GM is being forced by the White House to do what responsible strategic leadership in the auto industry should have done long ago. Deliberately sell off/divest of brands that have no consumer relevance, aren’t recoverable through ‘branding’ exercises and don’t show the ability to make money any more (e.g., Pontiac). The hardest of these decisions is when a brand makes huge profits but its product experience is no longer that relevant and volume is clearly declining despite all marketing dollars spent against it. The desire to keep the cash coming in from these brands puts the burden on sales and marketing to hawk an inferior product line that no one really believes in, including the consumer.
We are heartened to see ConAgra making very tough decisions to under invest in tired brands from a consumer perspective (ACT II popcorn), in sharp distinction from many other companies that just won’t let go of their clearly dying brands. By letting tired, irrelevant, brands wander out to die in the pasture, forward leaning companies are making very intelligent long term decisions to follow the consumer, not follow orders from finance. Ultimately, they will succeed in the financial long term as today’s most profitable brand is not the pathway to the future, only to short term wins.The most elusive category of ‘tough decisions’ we rarely see CPG companies make is to make large investments to grow entirely new brands (and not brand extensions posing as new brands). One of the rarities here is P&G, willing to invest in successful new brands like Swiffer, when counterparts simply are not.

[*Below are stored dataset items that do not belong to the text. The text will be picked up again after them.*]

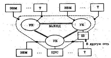 Условные обозначения: Т – терминал, УК – узел коммуникации, ЦУС – центр управления сетью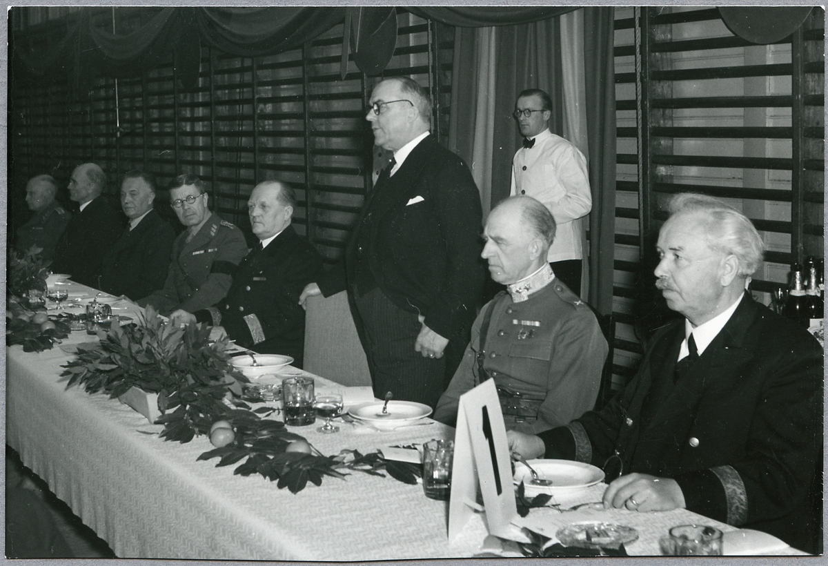 Invigning av elektrifieringen linjen Långsele - Boden. Från middagen i Norrbottens regementes gymnastiksal. Gd Dahlbeck invigningstalar.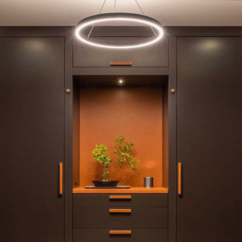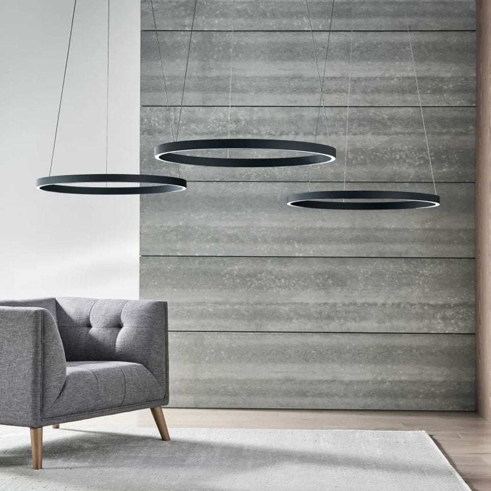 The Fiama LED Suspension Light from Visual Comfort Modern is a transitional style chandelier but with an entirely modern twist. At its most unadulterated form the Fiama is a slender metal ring that houses gently diffused upward and downward firing LEDs, providing functional light with an ultra-chic aesthetic. This modern work of art is available in two distinct sizes, 24" and 30" in diameter making it ideal for a wide range of lighting applications such as dining room lighting, foyer lighting and a host of commercial lighting applications. The Fiama pendant light ships with a fully dimmable integrated LED lamp.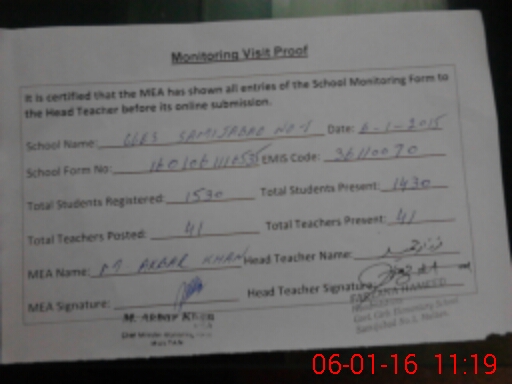 | EMIS Code: 36110070 | Name of School: GGES SAMIJABAD NO.1 MULTAN | |||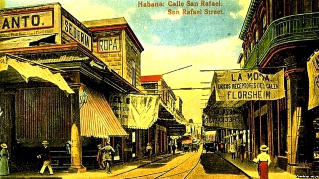 Panorámica de la calle San Rafael, en la que puede advertirse a la izquierda la sedería El Encanto de Solís y compañía. Foto: Patrimonio Documental. OHC.
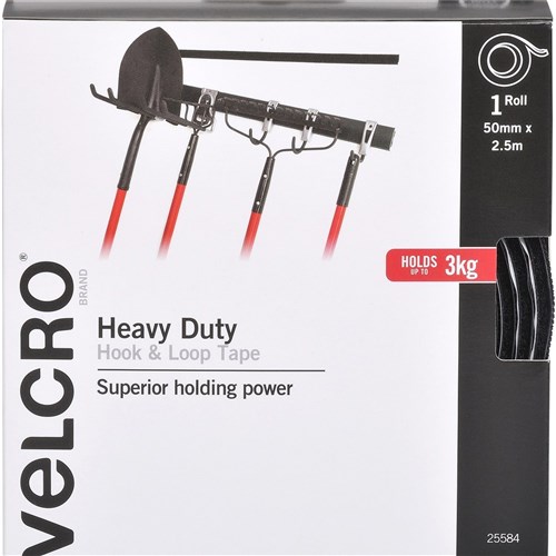 VELCRO 25584 STICK ON Heavy Duty 50mmx2.5m Blk
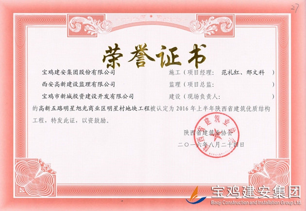 高新五路明星旭光商業(yè)區(qū) 省優(yōu)質(zhì)結(jié)構(gòu)工程

As the Kraft sell-off of Post cereals has shown, legacy brands do have their ‘senior’ stage of life. But very few large companies, even large holding companies with plenty of cash, seem willing to take advantage of their scale and euthanize brands that slowly suck resources from long term innovation and growth strategy.
How many marketing dollars will companies spend to keep tired brands on life support, when those precious profit dollars could be spent on the next generation of brands? In a youth-obsessed culture like ours, one would think it would be more intuitive to invest constantly in new brands to encourage new growth.